I quite clearly recall feeling two things: terror, because I was soon to be looking square in the eye of the Prince of Darkness, and dead certainty that all this was quite real. There was no denying what my eyes were seeing. I took the only course possible: I hightailed into the house to notify the family that Mephistopheles was in our backyard. For all I knew he was going to get into Mom’s garden, or Dad’s toolshed or big brother and my tree fort.
Much to my surprise and chagrin no one took my warning seriously. This was really frustrating. I was no clown, I was the messenger of incredible tidings that should either send panic through the household or, more likely, inspire someone to take action. I had but little doubt that my father could beat the snot out of the Devil. In my mind dad was invincible. He had, after all, fought in a war and survived being on a ship that was torpedoed and traveled all about the world, plus he was stronger than any man who lived and nicer than anyone else too.
Finally my father relented and came to investigate this invader from Hades. When we got to the sight of the Devil’s horns there was one missing. How could it be, I wondered, that the El Diablo had retracted a horn? And why? In any case I pointed out the one remaining horn to my father so he could prepare to slay it. But instead of taking an axe, or even a hoe, to Satan, my father pulled the horn out of the Earth and informed me that far from being a horn of the Devil, it was a worm. The worm wriggled in Dad’s hand as if to emphasize the point. I was overcome with the twin feelings of relief and disappointment. As a future journalist I already knew a big story when I saw one and having the Devil in your backyard is infinitely more interesting than a stupid worm. On the other hand my soul was safe for another day.
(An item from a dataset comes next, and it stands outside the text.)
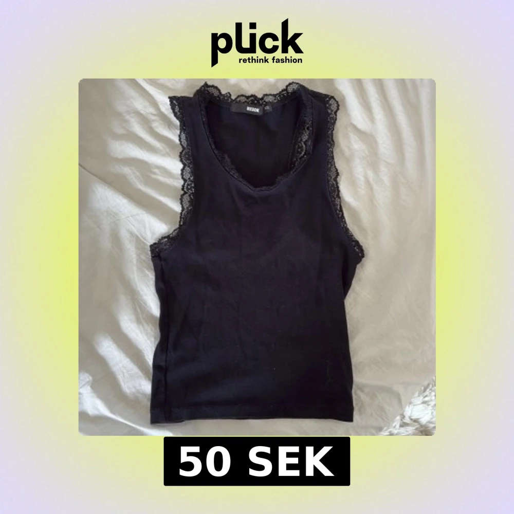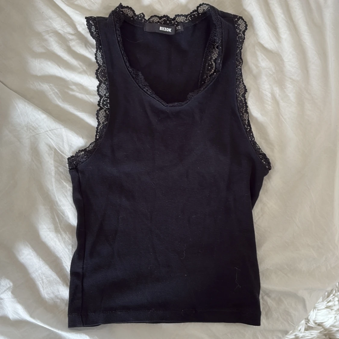 Svart ärmlös linnetopp från Bik Bok med fina spetsdetaljer längs halsringning och ärmhål. Toppens enkla design gör den lätt att matcha och den har en mjuk bomullskänsla. Perfekt för att skapa en stilren look.

I believe my father returned to the house at this point and I resumed whatever game I was playing or just as likely started a new one. I did, however, reflect on the improbability of two worms appearing seemingly simultaneously just a few feet apart. It was as if they were a couple scoping out the neighborhood. Unbeknownst to me at the time, coincidences do occur in our world and the fact of them is far more real than most of the supernatural mumbo jumbo that a lot of people swallow whole.
All these decades later I still recall the feelings I had that day and marvel at the fact that two worms emerged from the ground together. Of course the event owes a lot to my vivid imagination which kept my mind occupied throughout my childhood (hell, who am I kidding, it still does). A wild imagination is a wonderful thing for a child or anyone else. Sure there are pitfalls. For much of my childhood I was convinced that the ghost of Abraham Lincoln lived in bedroom closet and so kept the door to it shut tight at bedtime. Today in our bedroom we have a walk-in closet (well, you could walk in if we didn’t have so much damn junk on the floor) and I still make a practice of shutting its doors before retiring in the evening. No, I don’t think Honest Abe’s ghosts live in it anymore than I think there is a Devil. Then again, why take chances?